Input data ::
★ ★ ★ ★
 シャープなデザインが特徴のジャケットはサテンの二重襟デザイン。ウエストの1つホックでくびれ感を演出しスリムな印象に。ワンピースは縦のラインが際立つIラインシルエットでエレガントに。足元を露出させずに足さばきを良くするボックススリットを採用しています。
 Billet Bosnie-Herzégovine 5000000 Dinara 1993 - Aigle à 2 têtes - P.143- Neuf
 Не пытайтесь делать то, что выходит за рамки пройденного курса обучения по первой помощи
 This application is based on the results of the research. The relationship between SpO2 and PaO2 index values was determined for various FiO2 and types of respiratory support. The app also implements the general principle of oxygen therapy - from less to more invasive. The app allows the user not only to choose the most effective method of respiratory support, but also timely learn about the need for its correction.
★ ★ ★ ★
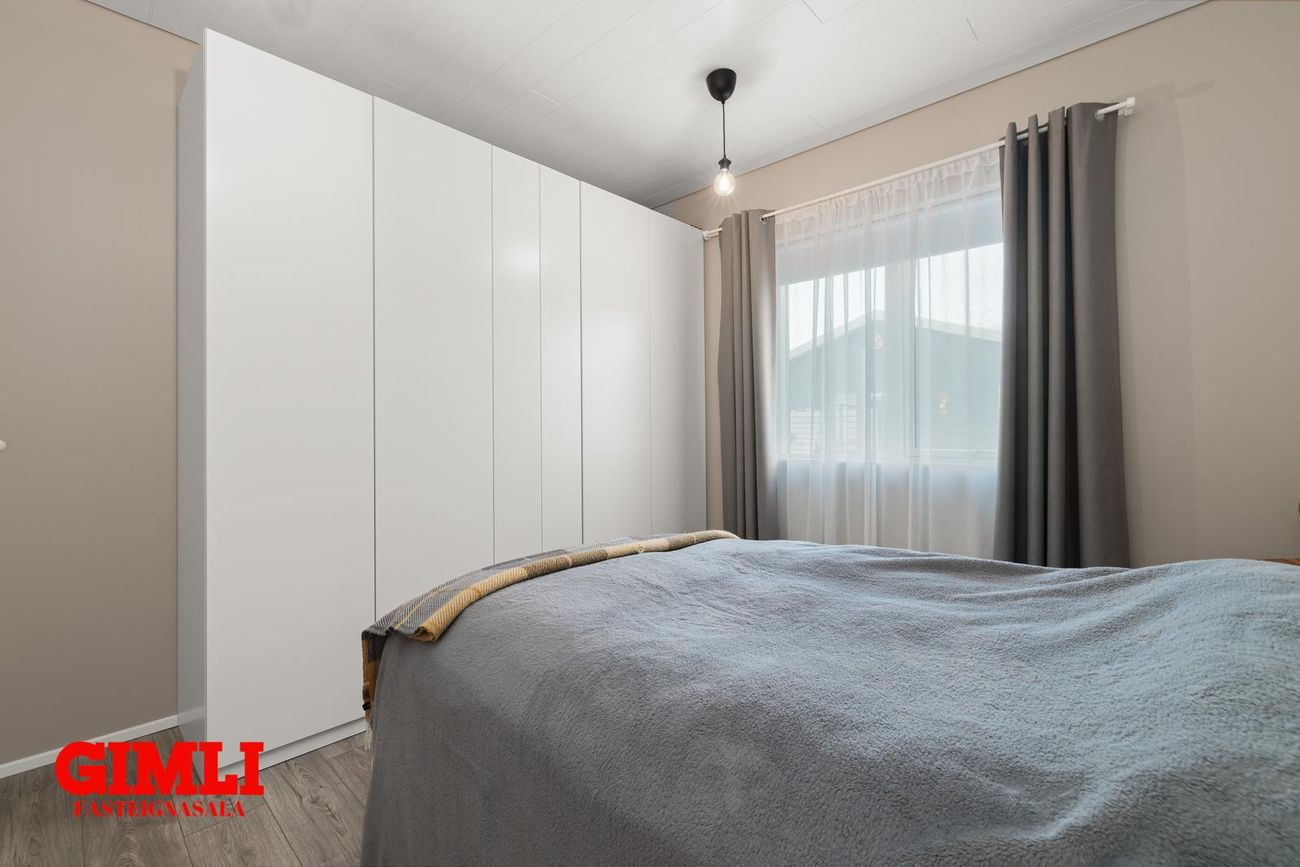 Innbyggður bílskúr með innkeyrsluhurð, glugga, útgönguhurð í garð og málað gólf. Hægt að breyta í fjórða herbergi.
★ ★ ★ ★
Exercise aim :: I'd like the lines above from the one with "シャープなデザインが特徴のジ" up to and including the one with "Не пытайтесь делать" copied exactly, with no other lines.

Completed exercise ::
 シャープなデザインが特徴のジャケットはサテンの二重襟デザイン。ウエストの1つホックでくびれ感を演出しスリムな印象に。ワンピースは縦のラインが際立つIラインシルエットでエレガントに。足元を露出させずに足さばきを良くするボックススリットを採用しています。
 Billet Bosnie-Herzégovine 5000000 Dinara 1993 - Aigle à 2 têtes - P.143- Neuf
 Не пытайтесь делать то, что выходит за рамки пройденного курса обучения по первой помощи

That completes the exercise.